To enable SLV of complex systems from the early design phases, the currently
most adopted approach envisions the simulation of a system model under the
(time bounded) operational scenarios of interest. Simulation-based SLV can be
computationally prohibitive (years of sequential simulation), since model
simulation is computationally intensive and the set of scenarios of interest
can huge.
We present a technique that, given a collection of scenarios of interest
(extracted from mass-storage databases or from symbolic structures, e.g.,
constraint-based scenario generators), computes parallel shortest simulation
campaigns, which drive a possibly large number of system model simulators
running in parallel in a HPC infrastructure through all (and only) those
scenarios in the user-defined (possibly random) order, by wisely avoiding
multiple simulations of repeated trajectories, thus minimising the overall
completion time, compatibly with the available simulator memory capacity.

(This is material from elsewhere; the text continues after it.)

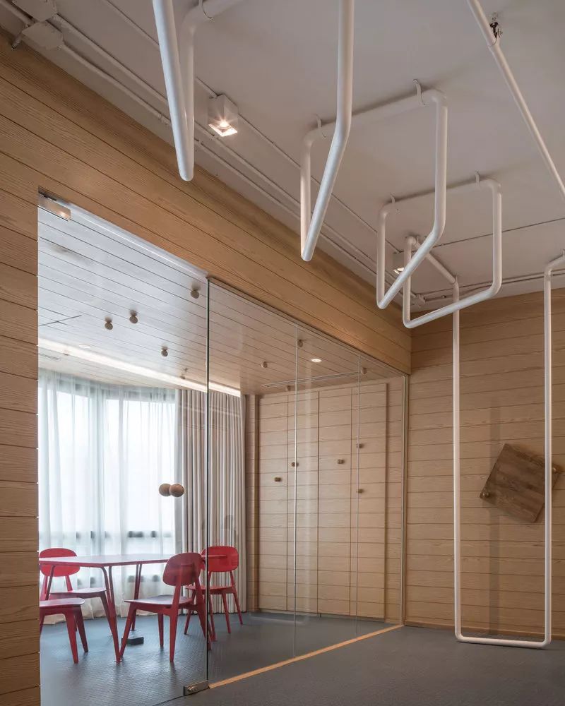 這里的墻壁都是采用橫條的木板鋪就,落地玻璃鏡隔離讓空間既視野通透又采光極佳,同時(shí)保持了空間紋理和空間舒適度。

Our experiments on Modelica/FMU and Simulink case study models with up to
~200 million scenarios show that our optimisation yields speedups as high as
8x. This, together with the enabled massive parallelisation, makes practically
viable (a few weeks in a HPC infrastructure) verification tasks (both
statistical and exhaustive, with respect to the given set of scenarios) which
would otherwise take inconceivably long time.